What are the chances of winning a price war between domestic dairy enterprises and the European Union?
Dairy products have always been indispensable in life, whether children or adults or the elderly will drink a little milk, yogurt, then the road of dairy enterprises is really red? The competition of dairy enterprises can not be ignored, whether at home or abroad, the pressure of this industry is also very great, the road is not easy to go.
Although the domestic milk pouring incident has eased recently, the competitive pressure faced by domestic dairy enterprises has increased unabated. The milk quota system in EU countries has been officially abolished, and this policy change is expected to lead to a rapid increase in global milk supply this year, while the transmission effect will quickly affect domestic dairy products.

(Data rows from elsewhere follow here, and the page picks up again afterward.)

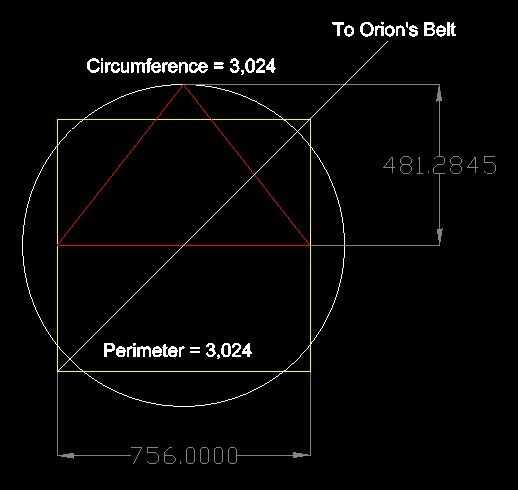 Esto lleva a que la altura de la pirámide será el radio de un círculo cuya circunferencia es igual al perímetro de una base cuadrada. Por lo tanto, a un altura/radio de 481 pies, significa que la circunferencia del círculo es 3.024 pies (481 x 2π = 3.024 pies). Dividir por 4 y es el tamaño de los lados de la base de la pirámide cuadrada (756 pies). Estás realmente orgulloso de su diseño y cómo las matemáticas funcionaba hacia fuera para que mostrar para el Faraón. Que aprueba y usted está apagado a intentar encontrar 100.000 gente desempleada para ayudar a construir en los próximos 20 años.
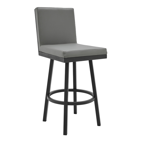 Armen Living LCGEBABLGR26 Rochester Swivel 26" Counter Stool Grey Leatherette & Black Metal
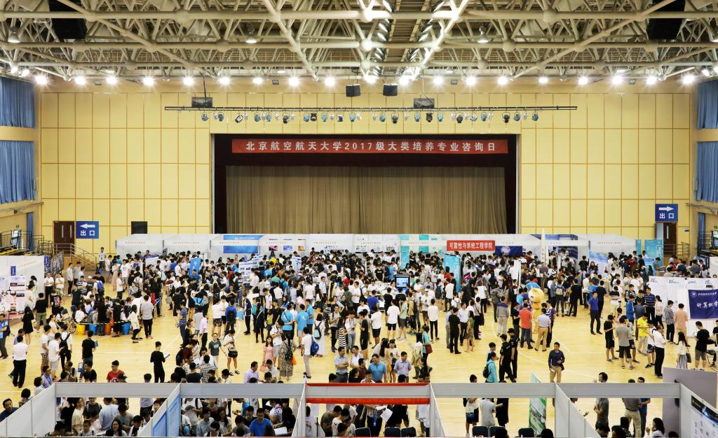北航新闻网5月26日电(通讯员 戴常智/文 记者 史越 郭中耀 丁贝宁 尹姜旭珊 兰之琦/摄影)5月26日,北京航空航天大学“2017级大类培养专业咨询日”在沙河校区综合体育馆举办。校长徐惠彬院士、副校长黄海军、党委副书记李军锋、相关职能部门及365英国上市公司负责人,信息类、航空航天类、理科试验班类、社会科学试验班所涵盖的24个相关专业学院,365英国上市公司全体学生及部分学生家长参加活动。

According to the forecast of the EU Dairy Industry Alliance, after the quota system is officially abolished on April 1 this year, global milk supply is expected to rise by 2% to 4% this year. The Netherlands, a big milk producer, forecasts that EU milk production will increase by 4 billion litres by 2020, while Ireland forecasts that its dairy production capacity is expected to double in the next five years. Who do you sell the doubly produced milk to? The answer given by EU countries is almost the same-China.
Although it accounts for a small proportion in the import of dairy products, China's infant formula mainly comes from the European Union. Data show that in 2014, EU products accounted for 71.8% of the original infant formula imported into China, and the market share was absolutely dominant.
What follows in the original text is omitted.